Dataset items:
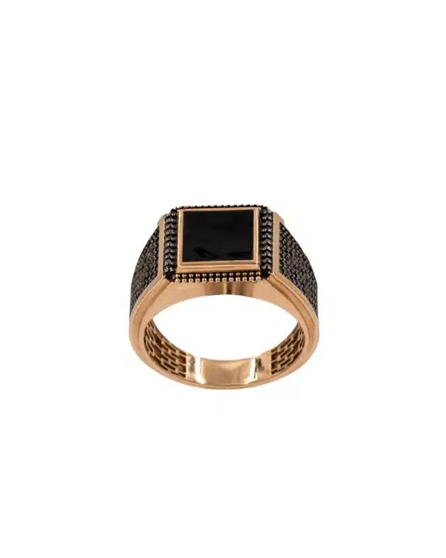 Oniks taşı ve siyah taş işlemeli, 9.32 gram ağırlığında zarif erkek yüzük. Şıklığı ve güçlü duruşu bir arada sunuyor. Bu yüzük, özel günlerde hediye olarak tercih edilebileceği gibi, günlük kullanımda da stilinizi tamamlar.
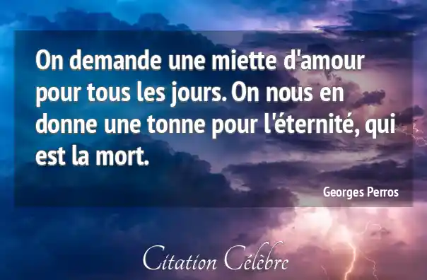 On demande une miette d'amour pour tous les jours. On nous en donne une tonne pour l'éternité, qui est la mort.
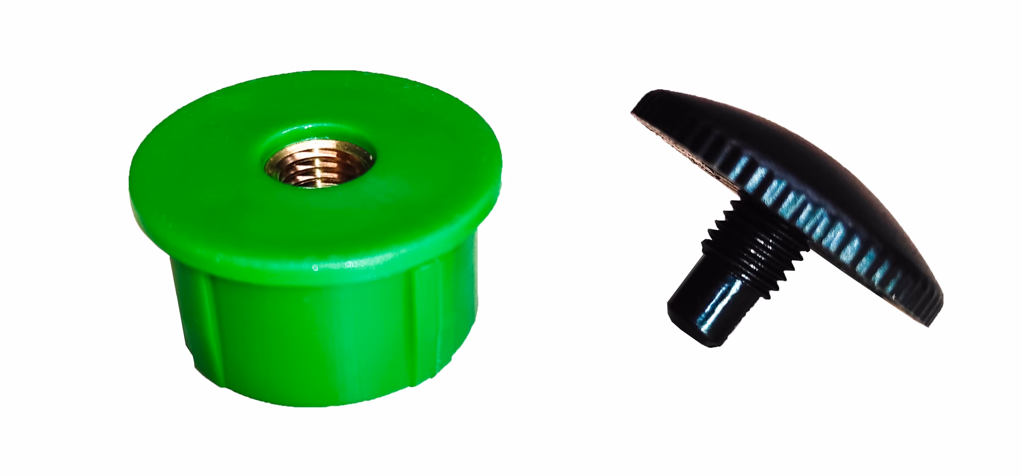 ROSCA DE TORNILLO PATAS ESPECIALES Pequeña y práctica herramienta para ajustar la configuración de su baúl. Aquí podrás atornillar cualquier accesorio, soporte o paraguas de cebo. Disponible en modelos de 25 y 36 mm.
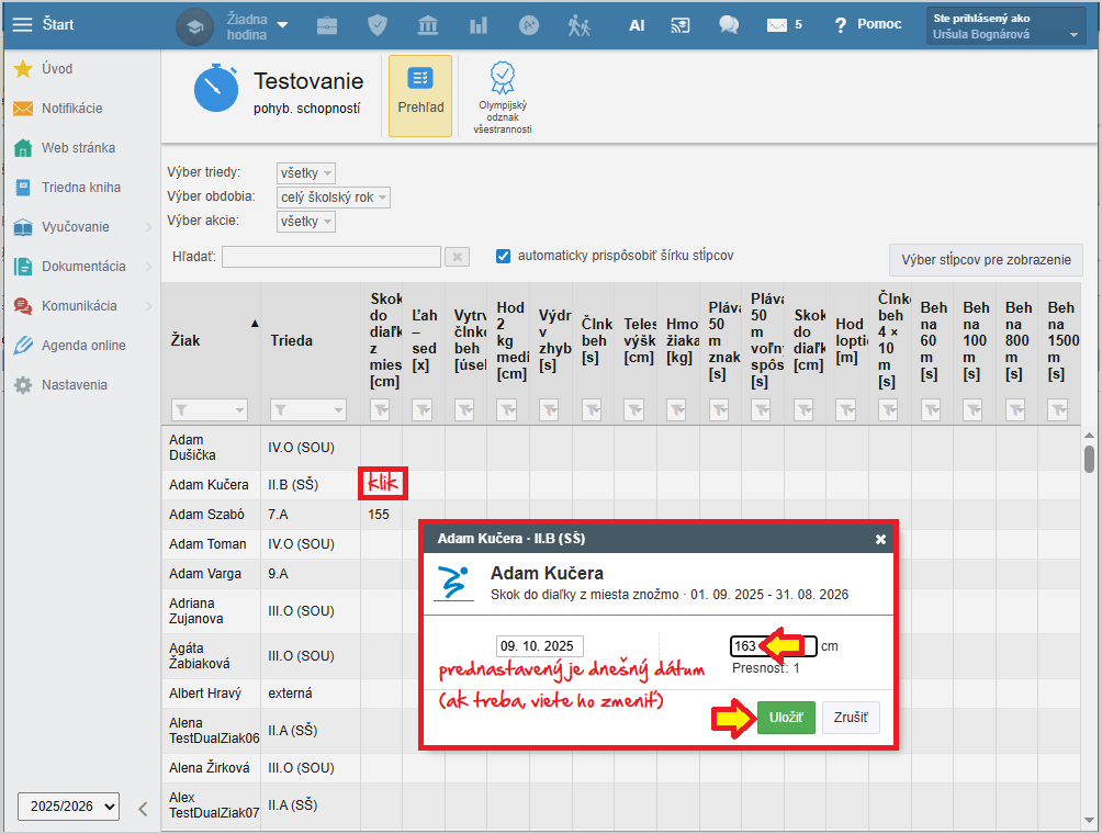 Nové meranie zapíšete tak, že v riadku žiaka kliknete na stĺpček s danou disciplínou.
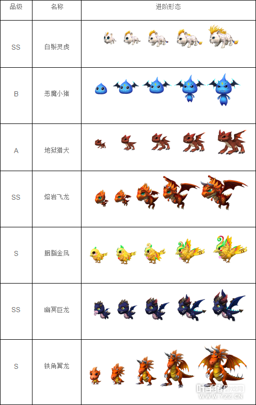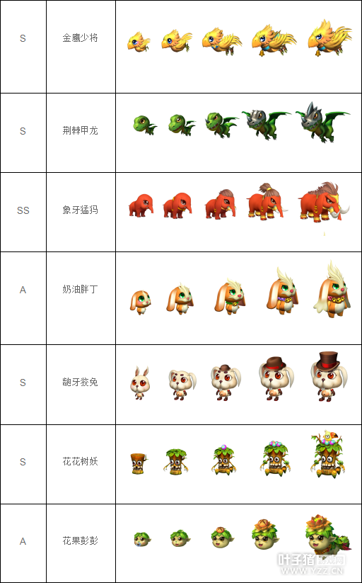 小精灵本身又有5种形态,最初形态是幼儿期,最终形态则是完全体。随着形态的升级,小精灵的属性、技能也会越来越厉害。 部分小精灵图鉴:
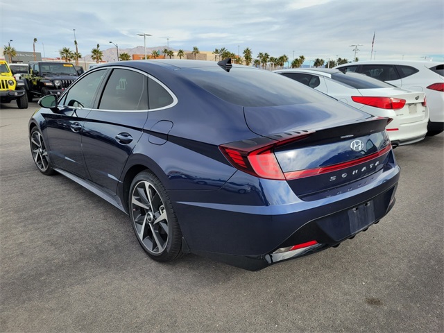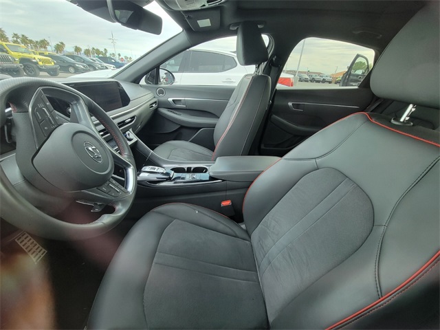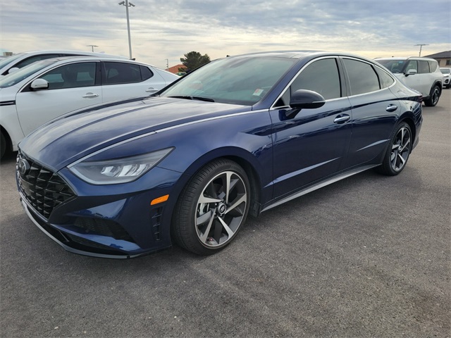 Recent Arrival!CARFAX One-Owner.Priced below KBB Fair Purchase Price!Odometer is 15617 miles below market average!27/37 City/Highway MPGStormy Sea 2021 Hyundai Sonata SEL Plus FWD 8-Speed Automatic with Overdrive I4 Black Artificial Leather.If you don't drive here, you can't save here!Awards: * ALG Residual Value Awards, Residual Value AwardsPrice may not include recon fee. Tech Package (Bose Premium Audio, Highway Drive Assist (HDA), LED Interior Lights, Option Group 05, Panoramic Sunroof, and Radio: AM/FM/HD/SiriusXM Display Audio w/Nav), Black Artificial Leather, 4-Wheel Disc Brakes, 6 Speakers, ABS brakes, Air Conditioning, Alloy wheels, AM/FM radio: SiriusXM, Apple CarPlay & Android Auto, Auto High-beam Headlights, Auto-dimming Rear-View mirror, Automatic temperature control, Brake assist, Bumpers: body-color, Cargo Net, Carpeted Floor Mats, Delay-off headlights, Dinamica Suede/Leatherette Seating Surfaces, Driver door bin, Driver vanity mirror, Dual front impact airbags, Dual front side impact airbags, Electronic Stability Control, Emergency communication system: Blue Link Connected Car Service (3-year complimentary subscription), Exterior Parking Camera Rear, First Aid Kit, Four wheel independent suspension, Front anti-roll bar, Front Bucket Seats, Front Center Armrest, Front dual zone A/C, Front reading lights, Fully automatic headlights, Garage door transmitter: HomeLink, Heated door mirrors, Heated Front Bucket Seats, Heated front seats, Illuminated entry, Knee airbag, Low tire pressure warning, Mud Guards, Occupant sensing airbag, Outside temperature display, Overhead airbag, Overhead console, Panic alarm, Passenger door bin, Passenger vanity mirror, Power door mirrors, Power driver seat, Power steering, Power windows, Radio data system, Radio: AM/FM/MP3/HD/SiriusXM Display Audio, Rear anti-roll bar, Rear Bumper Applique, Rear seat center armrest, Rear side impact airbag, Rear window defroster, Remote keyless entry, Reversible Cargo Tray, Security system, Speed control, Speed-sensing steering, Speed-Sensitive Wipers, Split folding rear seat, Steering wheel mounted audio controls, Tachometer, Telescoping steering wheel, Tilt steering wheel, Traction control, Trip computer, Turn signal indicator mirrors, Variably intermittent wipers, Wheel Locks, Wheels: 19 x 8.0J Aluminum Alloy, and Wireless Device Charging.
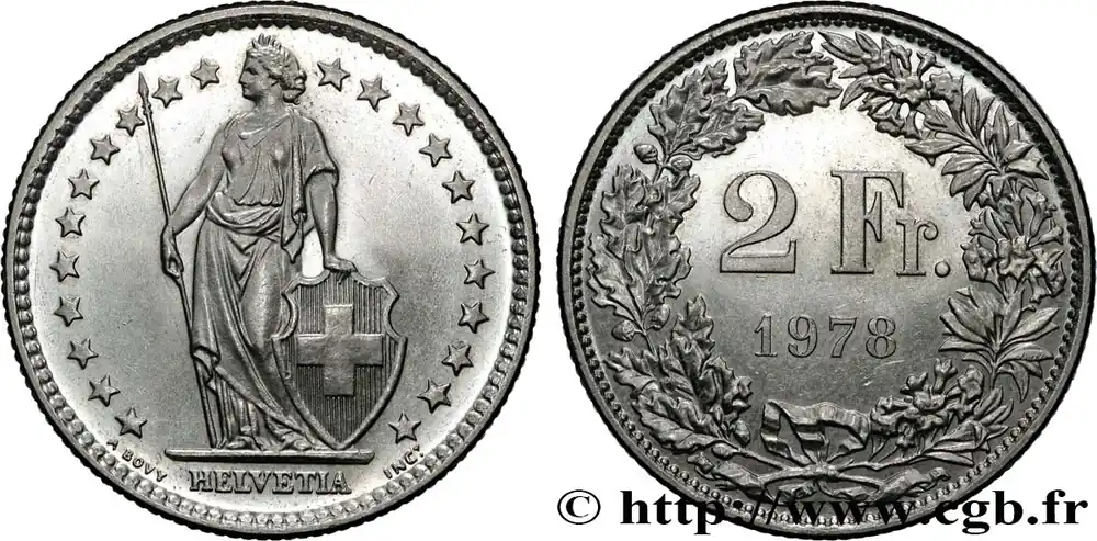 Promotion SUISSE 2 Francs Proof Helvetia 1978 Berne – B fwo_868552 Monde
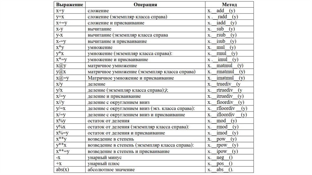 • Конструктор — уникальный метод класса,• Первый параметр конструктора во всех случаях self (ключевое слово,
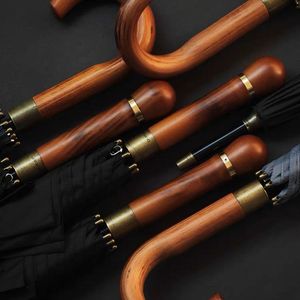 男性の長い柄の英倫紳士のレトロな木の柄は丈夫で風に強いです。

Action item → Give back, exactly and without pictures, the stretch of the records above from the line containing "ROSCA DE TORNILLO" through the line containing "小精灵本身又有5种形态,最初", with both end lines included.

Solution for this exercise →
 ROSCA DE TORNILLO PATAS ESPECIALES Pequeña y práctica herramienta para ajustar la configuración de su baúl. Aquí podrás atornillar cualquier accesorio, soporte o paraguas de cebo. Disponible en modelos de 25 y 36 mm.
 Nové meranie zapíšete tak, že v riadku žiaka kliknete na stĺpček s danou disciplínou.
 小精灵本身又有5种形态,最初形态是幼儿期,最终形态则是完全体。随着形态的升级,小精灵的属性、技能也会越来越厉害。 部分小精灵图鉴:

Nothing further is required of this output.